Our relationship didn't last long. We had one special day when Gary Stires and I rode our bikes over to Ginny's house and then Ginny and her friend, Peggy Van der Goot, Gary and I took off on our bicycles with our lunches for the day riding around on all the back country roads. It was a fun day. We ate our lunch by the side of the road. We waded in a stream. Somebody got the idea of going over to Peggy Van der Goot's barn, and we were on our way there, when Mrs. Lee found us on a dirt road and told us that my Dad had called and that I had to come home right away. Too bad for me. Who knows what might have happened in Peggy Van der Goot's hay mow.

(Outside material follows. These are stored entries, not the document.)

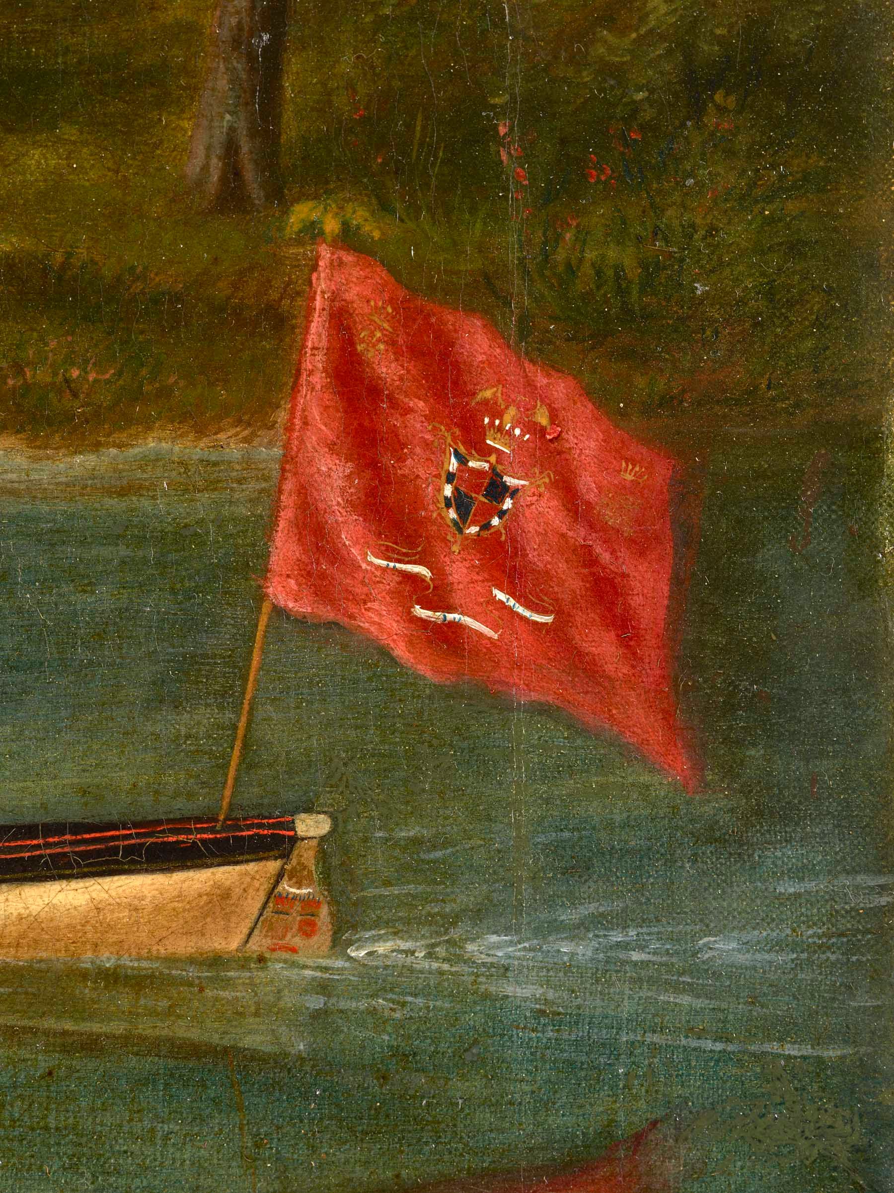 I will explain later why I asked John to snoop around on my behalf, but for now let me relate to you some of the fruits of my subsequent research. After a year of shameless begging, the waves suddenly parted with the intervention of another good friend, Mike Sweeney CBE, today President of Leander Club, and I was allowed to commission and pay for a very high-resolution scan of the painting in the interest of history. That scan has provided answers to several questions and posed several more. The painting is not signed, and other than the image itself, there are no markings or clues on the canvas or frame, but the information posted in the L.M.B.C. boathouse would turn out to be important in accurately identifying its subject.
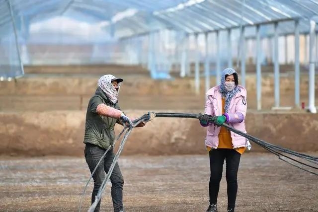 3月13日,甘肃省天水市秦州区杨家寺镇中川村农民在当地金土地农民种植专业合作社工作。
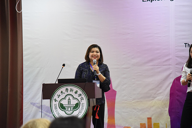单元主持人张建清(右)、张美芬(左)为主讲嘉宾Chanell C. Concepcion(中)颁发聘书和锦旗

It didn't work out between Ginny and me. She moved on; I was stuck. I was probably too immature for her, and I wasn't always nice. It was depressing, but life went on. I did get to be valdictorian and played "To the Colors" on my cornet at the graduation ceremonies. I won all the prizes for getting the highest marks in all the classes. It came to a grand total of $2.50 - $.50 per class - hardly worth it. I had put in a lot of time and hard work, child labor in fact. It was the culimination of one phase in a long career as a student which would go on until I was almost 30 - a long hard road which in the final analysis wasn't really worth it. I thought it would put me in the position that I would always have a job if I wanted one. It would enhance my freedom, my ability to pick and choose. It didn't work out that way. Instead I would one day find myself being turned down for a job because I was "overqualified."
Graduating from Wantage was the end of one chapter of my life. My Mom had tried to get me into a prep school because they didn't like the local high school. My Dad had been principal there for two years, and it didn't work out. He was lucky to get his old job back at Wantage. I don't know what the problem was with Sussex High School. Maybe it wasn't accredited or something. But a lot of students graduated from there and went on to illustrious careers. I did receive a scholarship to Phillips Academy Andover so I was about to embark on what turned out to be the worst three years of my life. My Mom went back to work as a teacher and I went to Andover and was awarded the prize for having received the highest marks on the entrance examination.